Unfortunately, it doesn’t. Ghidra doesn’t like the fact that there are so many null bytes so the file just gets treated as a DLL with literally nothing in it. I tried to remove the null bytes too just until it “felt right”, but even that wasn’t working.
The Search Ends - Grabbing The Flag
After consulting some people afterward, I found that, because of the paging at play here, I should have been using the vaddump plugin to investigate the Powershell process. I won’t explain everything about it because this has already been dragged on long enough, but I’ll link you to this Andrea Fortuna cheatsheet highlighting some basic usage, and this blog explaining what VAD is. To keep it very, very simple, vaddump will show up cleaner because it specifically looks at the VAD tree, which is a data structure that keeps track of various pages in memory. I’m checking Powershell not only because Goomba/st4ckh0und on the HTB discord said so, but because it makes more sense to check Powershell as that is the thing injecting the DLL, and is more likely to contain all of the bytes, properly.
Update - 5/20/22
So apparently I’ve gotten a few things wrong with my explanation, and even the author of the challenge also had a misconception that Goomba/st4ckh0und explained this morning/last night, and I thought it was worth interrupting this explanation to clarify some things up to this point.
(1) So, the memory dump approach actually does work if you use something like IDA. The reason vaddump works more nicely is because we’re dumping the virtual pages (which are aligned on a page boundary). When a PE file is loaded from disk, the in-file sections are written to these virtual pages, which is why the vaddump requires much less cleanup work.
When you dump it from memory like we were doing, we’re getting the raw binary data, as opposed to the desired PE file in it’s regular structure.
In conclusion, memdump still works, but you’re not actually dumping the DLL, you’re getting raw binary data as opposed to the full file. Hence, we see all of the null bytes in the middle that wouldn’t normally be there.

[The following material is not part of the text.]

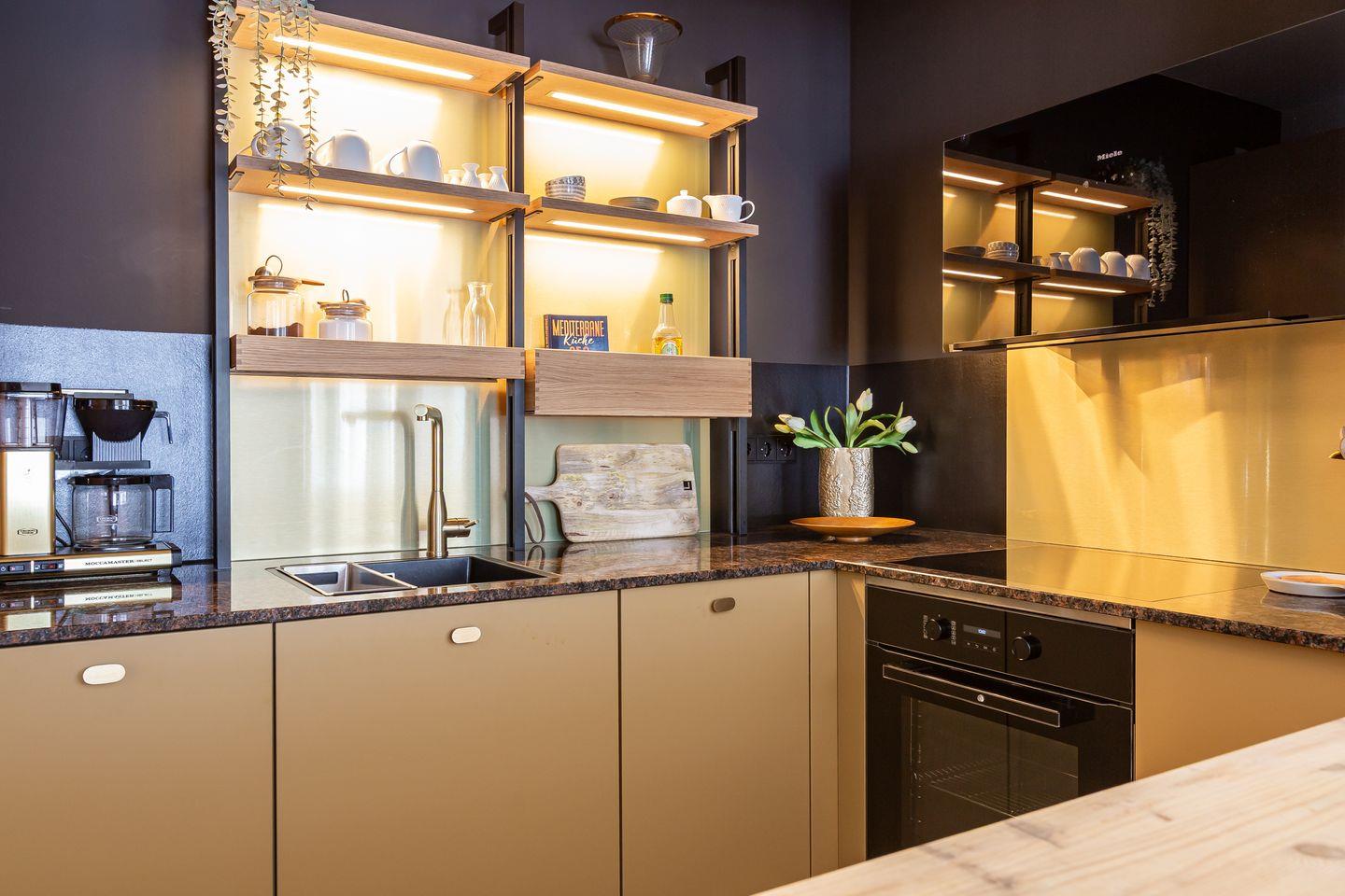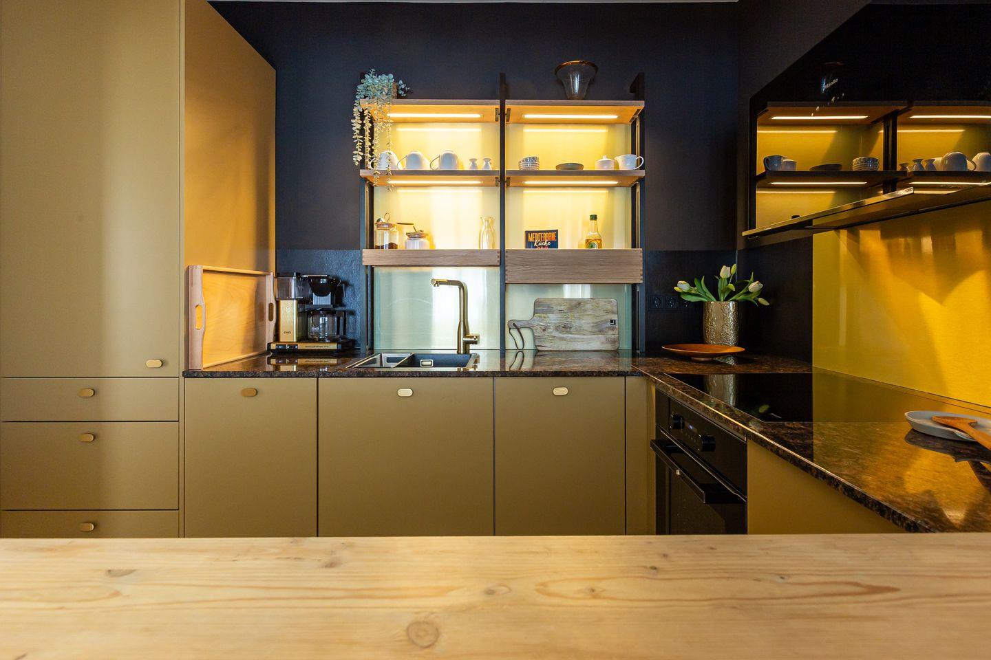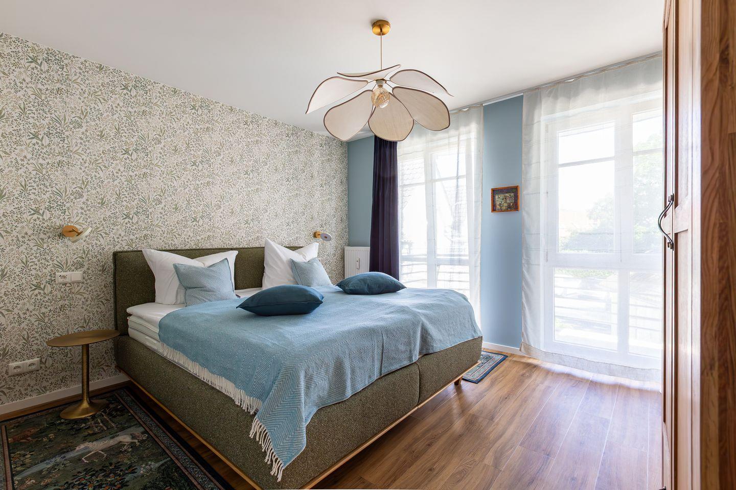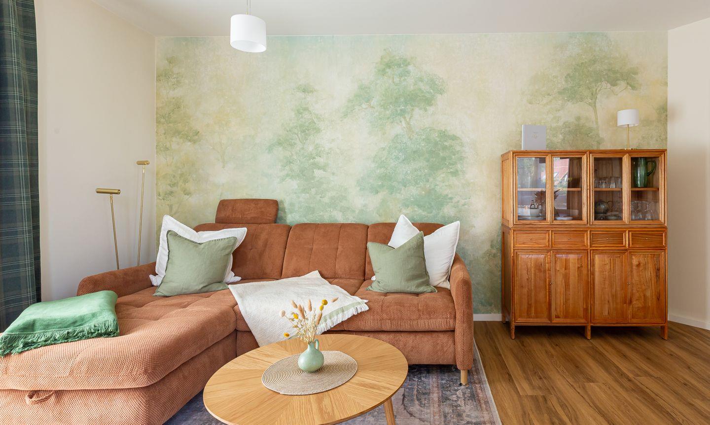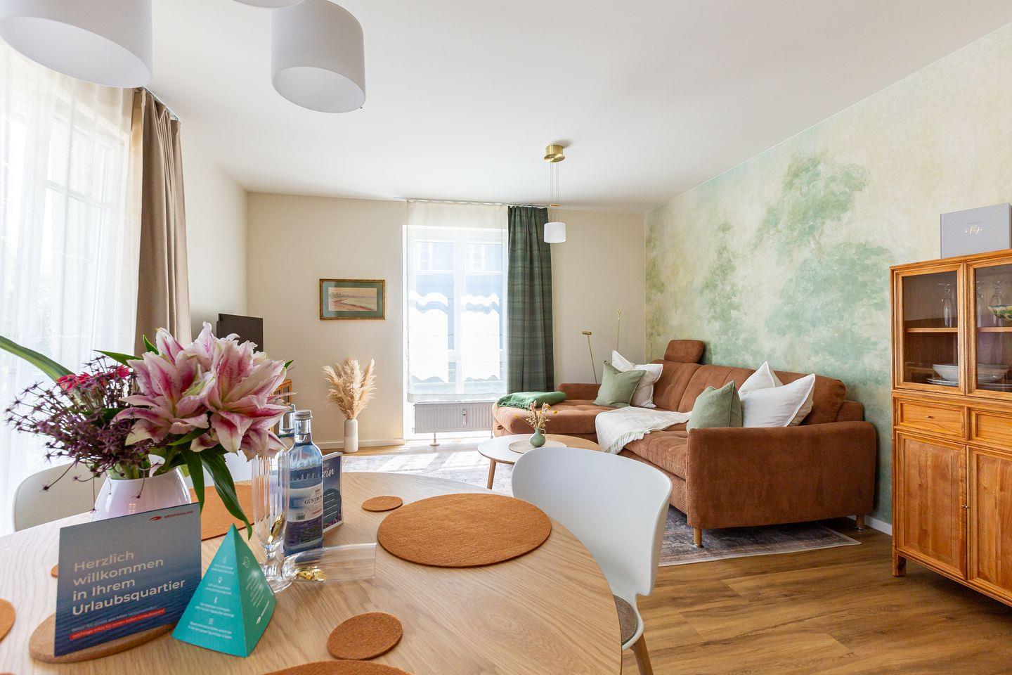 De Ruyter verbindet stilvolles Interior mit lässigem Ostseeflair. Die Ferienwohnung ist hochwertig eingerichtet im modernen Retro Stil. Warme Erdtöne wie Rost, Salbeigrün und Gold treffen auf natürliche Materialien wie Holz, Leinen und edles Messing. Ein geschmackvoller Mix, der Gemütlichkeit und Designbewusstsein auf den Punkt bringt. Das Wohnzimmer ist das Herzstück der Wohnung: hell, offen und mit viel Liebe zum Detail gestaltet. Die offene Küche mit modernsten Miele Geräten und einer praktischen Durchreiche macht das Kochen zum entspannten Miteinander. Vom Wohnzimmer aus geht es direkt auf den Balkon, ideal, um den ersten Kaffee des Tages dort zu genießen. Auch das Schlafzimmer hat Zugang zu einem kleinen Balkon. Klare Linien, natürliche Materialien und eine stimmige Farbwelt schaffen auch hier eine Atmosphäre, die ganzjährig für maximale Erholung und ein traumhaftes Urlaubsgefühlt steht.

According to the author (thewildspirit), using dlldump with the --force option would have retrieved it despite the DLL not being present in the PEB list (due to how it was loaded, but I haven’t tested it, nor do I really plan to because it’s already taken me long enough to do this once :)
(2) Invoke-ReflectivePEInjection, the Powershell Script that injected the DLL, doesn’t actually do reflective DLL injection. I’ll let the screenshot explain.
It might seem overkill to draw that line, but obviously each method has different symptoms that will change exactly what you need to hunt for. This distinction is likely the reason it wasn’t easily discoverable by the malfind (or similar) plugin, as it wasn’t actually reflective, as many of the examples I was looking at online were able to use malfind/malfinddeep/etc. to locate the exact location.
Hopefully by this point, I’ve covered all of my bases and I’m more correct about stuff than I was before. If not, feel free to reach out and clarify. Back to your normally scheduled programming.
Back to the Lab Again
I’ll start by hunting down which of my vaddumps have the DLL inside it by running a quick one-liner.
I get two files back from it, and I’ll start with the one with the most occurences of the string, powershell.exe.3e74e488.0x01b20000-0x03b1ffff.dmp. I’ll use xxd to identify where exactly the DLL might be, based on the offsets identified by strings.
Also note that for this one, the magic bytes are actually there.
I’ll write another Python script to extract the DLL, tinkering with values until I have it just where I want it.
And drum roll for ghidra…
It worked! We have a clean decompile. Now, if we look at VoidFunc, we see many, many single characters/bytes that are eventually concatenated and called by WinExec. I’ll copy the bytes out into CyberChef, and move them around so that I can decode them to ASCII.
All that work, for a small encoded powershell command? I’ll copy the base64 string and decode it on the command line.
I’ve gotta say, this was the most disappointing result possible, but at least we’ve done it. I’m pretty sure we all learned something along the way.